:: Data shown
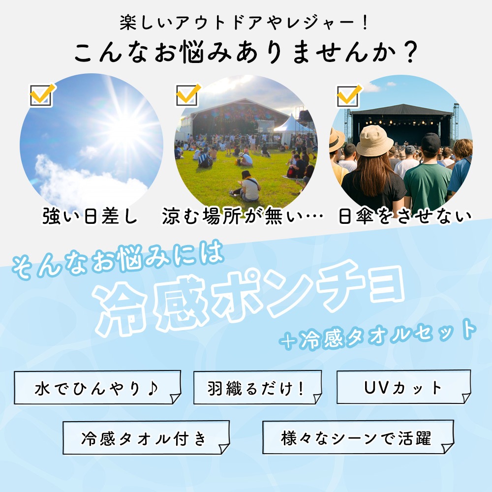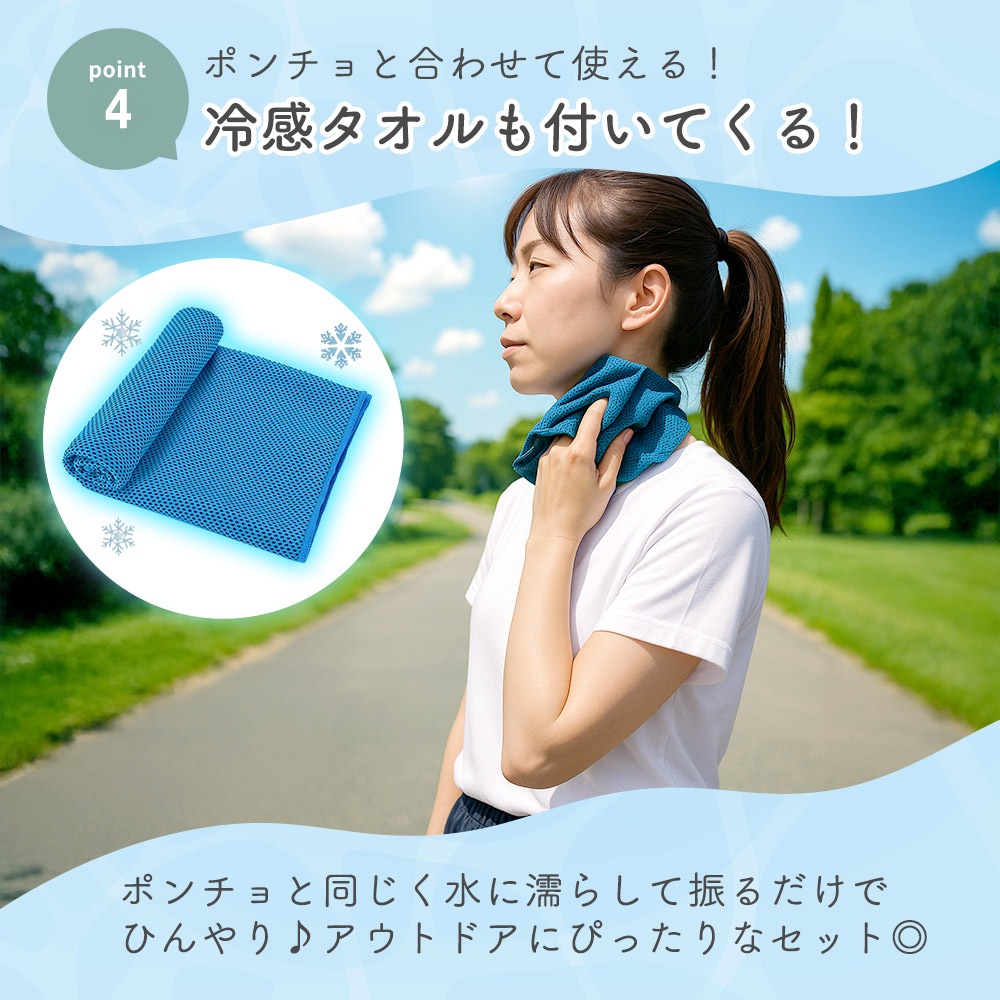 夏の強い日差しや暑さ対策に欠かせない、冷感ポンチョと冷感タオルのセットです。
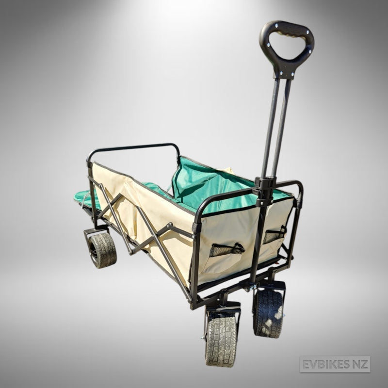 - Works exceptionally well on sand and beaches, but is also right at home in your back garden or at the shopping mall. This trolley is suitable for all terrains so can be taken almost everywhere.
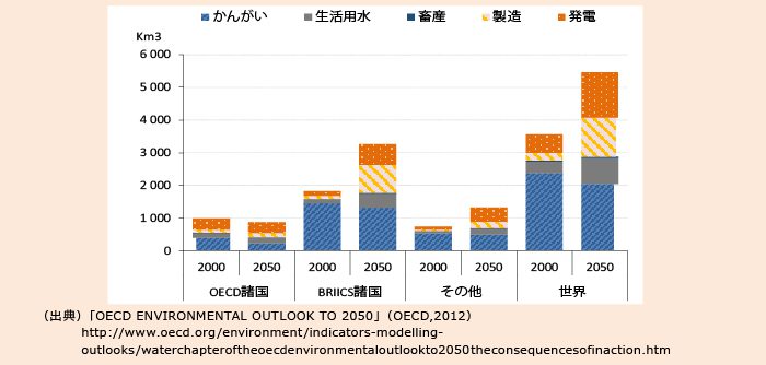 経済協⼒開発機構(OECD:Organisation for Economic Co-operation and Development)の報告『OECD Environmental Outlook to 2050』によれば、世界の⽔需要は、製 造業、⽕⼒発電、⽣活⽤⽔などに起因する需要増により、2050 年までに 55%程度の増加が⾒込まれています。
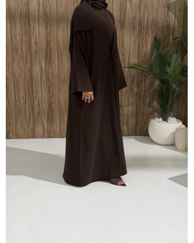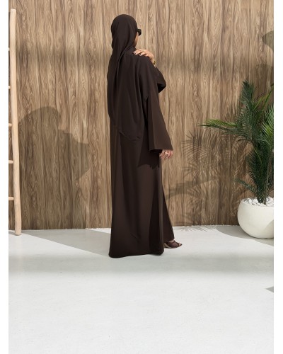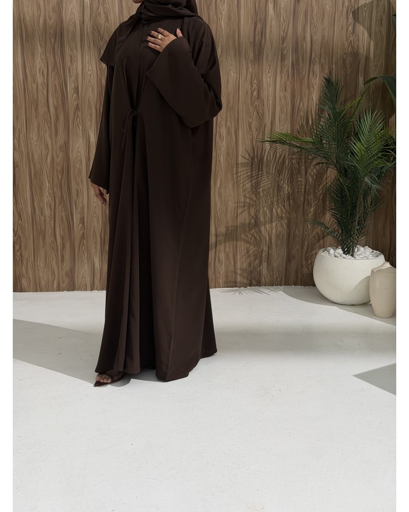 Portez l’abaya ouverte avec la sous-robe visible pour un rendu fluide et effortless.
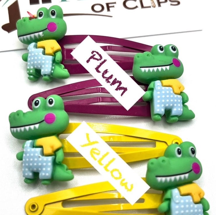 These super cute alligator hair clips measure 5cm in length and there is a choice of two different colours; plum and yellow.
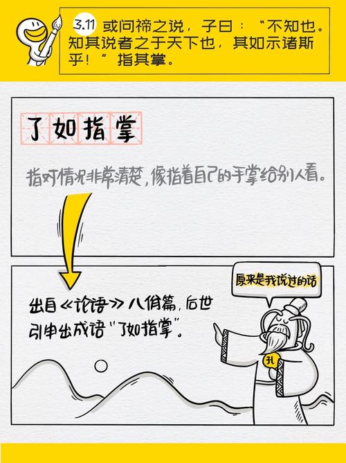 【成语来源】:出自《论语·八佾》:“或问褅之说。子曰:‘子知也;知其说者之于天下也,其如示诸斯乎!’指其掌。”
::::
Exactly as written, reproduce the lines from the one containing "Portez l’abaya ouverte" through the last line of the entries above, and leave every picture out.

 Portez l’abaya ouverte avec la sous-robe visible pour un rendu fluide et effortless.
 These super cute alligator hair clips measure 5cm in length and there is a choice of two different colours; plum and yellow.
 【成语来源】:出自《论语·八佾》:“或问褅之说。子曰:‘子知也;知其说者之于天下也,其如示诸斯乎!’指其掌。”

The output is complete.